Material provided:
------------------------------------------------------------

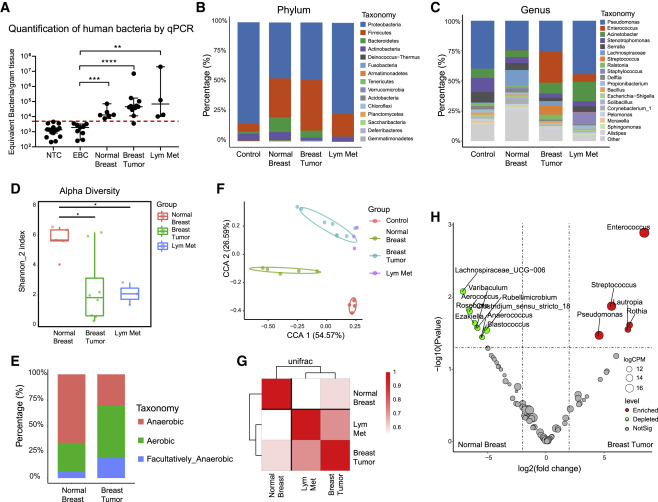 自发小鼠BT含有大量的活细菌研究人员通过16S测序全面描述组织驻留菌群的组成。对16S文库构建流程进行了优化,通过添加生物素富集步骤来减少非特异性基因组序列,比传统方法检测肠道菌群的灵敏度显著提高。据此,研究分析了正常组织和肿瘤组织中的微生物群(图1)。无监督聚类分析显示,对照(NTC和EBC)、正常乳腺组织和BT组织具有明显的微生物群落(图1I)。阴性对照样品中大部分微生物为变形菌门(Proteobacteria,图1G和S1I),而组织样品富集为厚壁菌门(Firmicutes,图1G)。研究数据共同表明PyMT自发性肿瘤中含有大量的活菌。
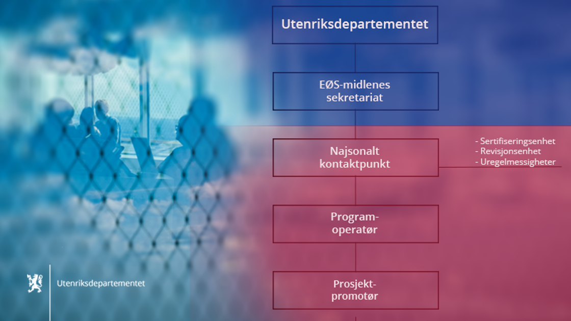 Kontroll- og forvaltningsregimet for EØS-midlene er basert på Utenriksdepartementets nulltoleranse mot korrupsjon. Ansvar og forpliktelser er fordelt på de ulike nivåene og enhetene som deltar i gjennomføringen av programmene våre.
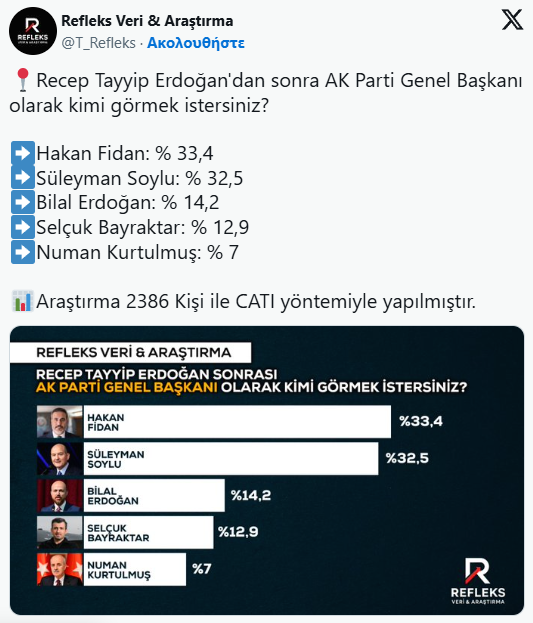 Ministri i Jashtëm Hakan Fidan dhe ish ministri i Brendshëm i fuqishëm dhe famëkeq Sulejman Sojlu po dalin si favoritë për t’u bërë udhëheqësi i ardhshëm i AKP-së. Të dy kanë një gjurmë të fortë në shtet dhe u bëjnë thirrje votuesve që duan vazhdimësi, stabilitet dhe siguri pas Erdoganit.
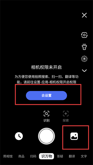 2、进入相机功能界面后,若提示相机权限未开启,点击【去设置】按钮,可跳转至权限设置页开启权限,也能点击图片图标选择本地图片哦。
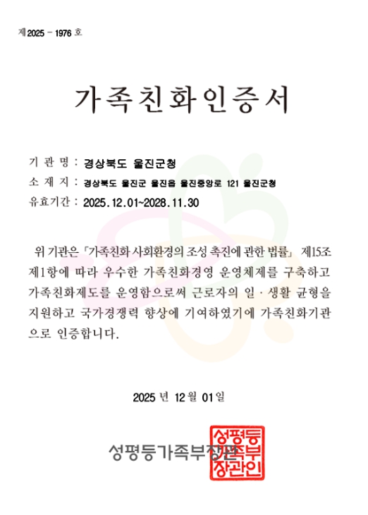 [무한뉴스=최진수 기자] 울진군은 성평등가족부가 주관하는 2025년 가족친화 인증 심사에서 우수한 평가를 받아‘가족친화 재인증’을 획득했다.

------------------------------------------------------------

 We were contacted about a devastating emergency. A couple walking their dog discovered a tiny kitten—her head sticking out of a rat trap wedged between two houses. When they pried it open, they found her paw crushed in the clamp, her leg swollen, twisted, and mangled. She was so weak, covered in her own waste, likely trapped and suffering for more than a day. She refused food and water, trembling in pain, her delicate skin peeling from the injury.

------------------------------------------------------------

Task: Repeat exactly the lines above, from the line that contains "Kontroll- og forvaltningsregimet" down through the line that contains "2、进入相机功能界面后,若提". Include both of those lines and none of the pictures.

Finished task:
 Kontroll- og forvaltningsregimet for EØS-midlene er basert på Utenriksdepartementets nulltoleranse mot korrupsjon. Ansvar og forpliktelser er fordelt på de ulike nivåene og enhetene som deltar i gjennomføringen av programmene våre.
 Ministri i Jashtëm Hakan Fidan dhe ish ministri i Brendshëm i fuqishëm dhe famëkeq Sulejman Sojlu po dalin si favoritë për t’u bërë udhëheqësi i ardhshëm i AKP-së. Të dy kanë një gjurmë të fortë në shtet dhe u bëjnë thirrje votuesve që duan vazhdimësi, stabilitet dhe siguri pas Erdoganit.
 2、进入相机功能界面后,若提示相机权限未开启,点击【去设置】按钮,可跳转至权限设置页开启权限,也能点击图片图标选择本地图片哦。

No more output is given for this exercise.